Mia starts for the door but Hilary cuts her off.

“What else is on your list of improvements, Mia? What exactly will Ronan have to do before he's good enough for you to bring him to your office party?”

Mia is shaking with anger but she can't get past Hilary, not without pushing her out of the way. “How dare you!”

“No!” Hilary shakes her head sadly. “How dare
you
! Ro is the nicest guy you will ever meet and you're trying to change him. And he'll let you because he's crazy about you. But if you keep changing him, he won't be the person you fell in love with.” She walks to the door and
holds it open. “You think I'm the big threat to you and Ro. But I'm not. You are.”

*   *   *

“Hilary has to move out,” Ronan tells Mia on a Sunday afternoon in January, when they are walking on the pier in Dún Laoghaire.

Mia turns away to look at the crumpled gray sheet of the sea so he won't see the look of relief on her face. “Really?”

She hasn't seen Hilary since the scene in her room, and she hasn't told Ronan what happened.

“I feel so bad for her.” Ronan digs his hands farther into the pockets of his duffle coat. “Her show tanked. The bursary that was supposed to take her through to the summer has fallen through. She's paid rent up until the middle of February, but after that she's out on the street.”

“Not literally out on the street,” Mia says. “Surely?”

Ronan sighs. “She might be better off, to be honest. She'll have to move back in with her parents.”

“I'm sure she'll be fine.” Mia links his arm, noticing how worn his sleeve is, wishing he'd wear the North Face down jacket she bought him for Christmas. “Hilary strikes me as pretty tough.”

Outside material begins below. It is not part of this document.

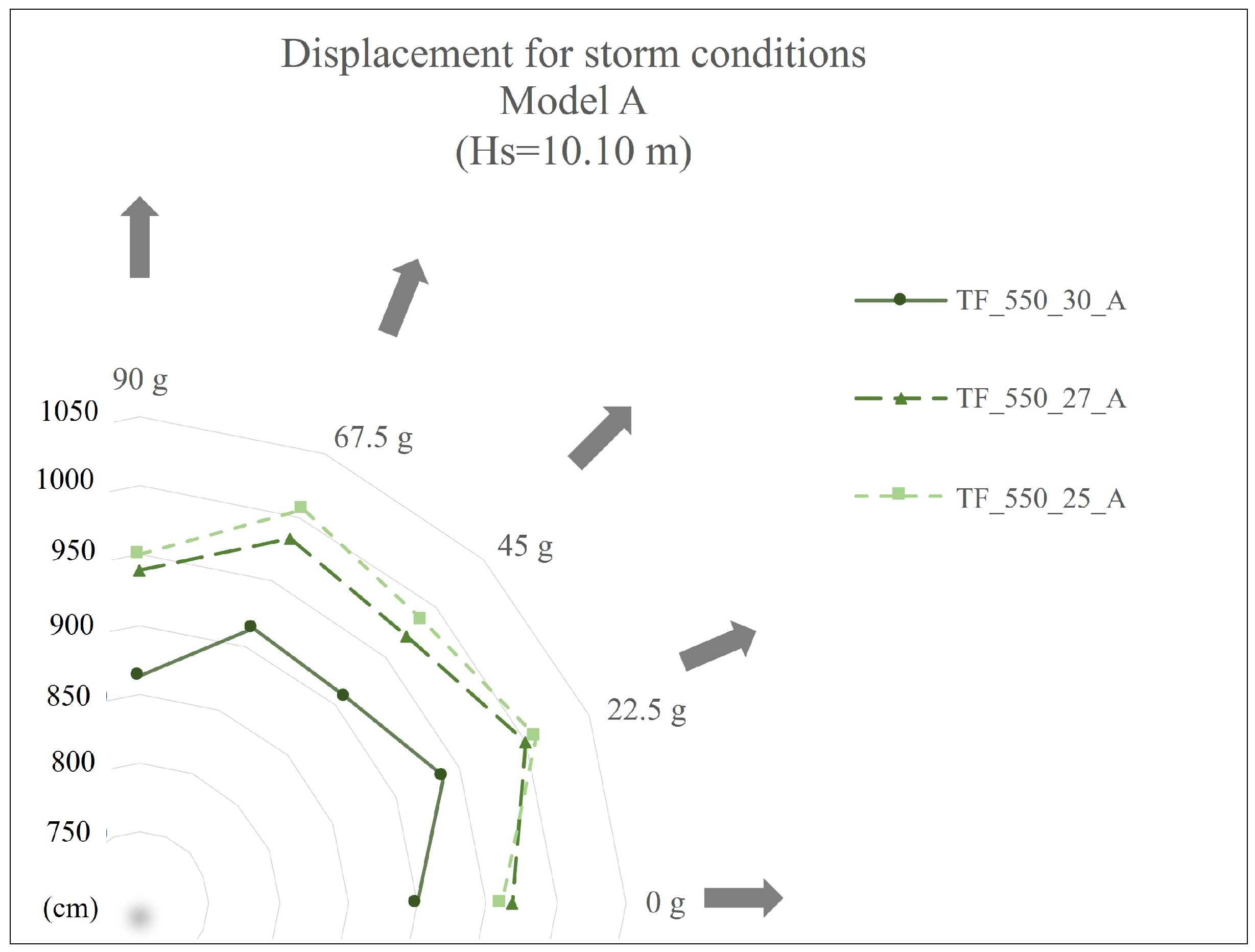 Figure 10 show the maximum displacements for different peak periods (Tp) for model TF-550-25-A.

“It's all an act.” Ronan shakes his head. “The last time she lived with her folks, she got depressed, ended up trying to kill herself.”

A splinter of pity catches at Mia's heart. Her inner auditor takes out a pair of tweezers and prepares to extract it. Hilary is not her problem, not anymore.

*   *   *

“I'm surprised you haven't considered art,” Mia says to James Delaney. He is her least favorite client by some margin. The cocky twenty-five-year-old CEO of an app design company that has made two million euros' profit in the first two years of trading. “It's very tax efficient.”

James, who is leaning back in his chair pouring a can of Red Bull down his throat, sits forward. “How efficient?”

“Let's see.” Mia leaves a long pause to whet his appetite. “You can claim a wear-and-tear allowance at twelve and a half percent, so you'll recover your purchase price in about five years, by which time the art you've bought could have tripled in value.”

His handsome face is neutral but his eyes have narrowed slightly, which she knows is his tell.

“I don't want cows and clouds in a gilt frame,” he says.

“What about an installation?” Mia says, as if this has just occurred to her. “Something edgy, playful and provocative.”